From: Patrick Mulcahey <mulcahey@pacbell.net>

To: "'hardycor@owl.csusm.edu'" <hardycor@owl.csusm.edu>

Subject: Hardy and travel -- one more

Date: Mon, 3 Nov 2003 14:13:55 -0800

 

Looking through THE WOODLANDERS last night, I was struck by a passage that seemed to belong to this topic. Fitzpiers, the doctor, decided to relocate to Little Hintock, for the sort of career reasons that drew Smith, St Cleeve and Clare away (and mostly out of the reader's view):

 

"Winter in a solitary house in the country, without society, is tolerable, nay even enjoyable and delightful, given certain conditions; but these are not the conditions which attach to the life of a professional man who drops down into such a place by mere accident.
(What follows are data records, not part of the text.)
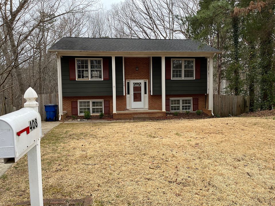 North Raleigh off Six Forks - 3 bed 2 bath single family home with eat in kitchen, living room, den, big utility room, storage, private driveway and fenced yard. Interior flooring and paint is brand new throughout. Tenant responsible for utilities and cable.
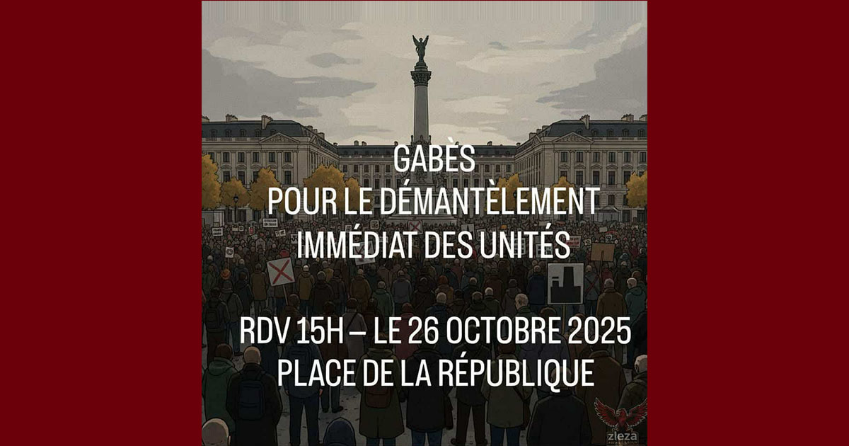 قررت الجالية الڨابسية بفرنسا تنظيم وقفة تضامنية يوم 26 أكتوبر 2025 على الساعة الثالثة بعد الظهر “تضامنًا مع أهلنا في ڨابس بعد المأساة اللي سبّبها المجمع الكيميائي”.
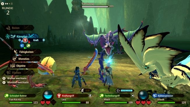 Ihr selbst steuert dabei ausschließlich eure Spielfigur und das dazugehörige Monstie – ein verniedlichender Begriff, der wie schon im ersten Teil für eure Kampfgefährten benutzt wird. Zu zweit kämpft ihr allerdings so gut wie nie. Stattdessen steht euch unter anderem mit Ajulia und Alwin so gut wie immer ein KI-Begleiter zur Seite, dessen Aktionen ihr nicht direkt beeinflussen könnt.
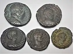 - ↑ Gisela Förschner: Die Münzen der römischen Kaiser in Alexandrien. (= Kleine Schriften des Historischen Museums Frankfurt am Main. Band 35). Melsungen 1987, S. 23 und 364.

They were present to the lives of Winterborne, Melbury, and Grace; but not to the doctor's. They are old association -- an almost exhaustive biographical or historical acquaintance with every object, animate and inanimate, within the observer's horizon. He must know all about those invisible ones of the days gone by whose feet have traversed the fields which look so grey from his windows; recall whose creaking plough has turned those sods from time to time; whose hands planted the trees that form a crest to the opposite hill; whose horses and hounds have torn through that underwood; what birds affect that particular brake; what bygone domestic dramas of love, jealousy, revenge, or disappointment, have been enacted in the cottages, the mansion, the street or on the green. The spot may have beauty, grandeur, salubrity, convenience; but if it lack memories it will ultimately pall upon him who settles there without opportunity of intercourse with his kind." (Chapter XVII)

 

No definitive statement about travel, of course, or even about traveling to make one's fortune. But something like the notion that without memory there can be no understanding of a place is what leads me to think that Hardy must have viewed sightseeing and adventure as trifling activities, in the scheme of things, contributing little to one's own happiness.

 

-----Original Message-----

From:  Betty Cortus [SMTP:hardycor@owl.csusm.edu]

Sent:    Saturday, October 25, 2003 9:19 AM

To:       HARDY-L@csusm.edu

Subject:           RE: Hardy and tourism/travelling

 

.....Stephen Smith

achieves career-success abroad, Swithin St Cleeve ditto, and if Oak contemplates seeking his fortune in California (B.C in the MS), Angel Clare reaches his epiphany in his travels to Brazil (RM).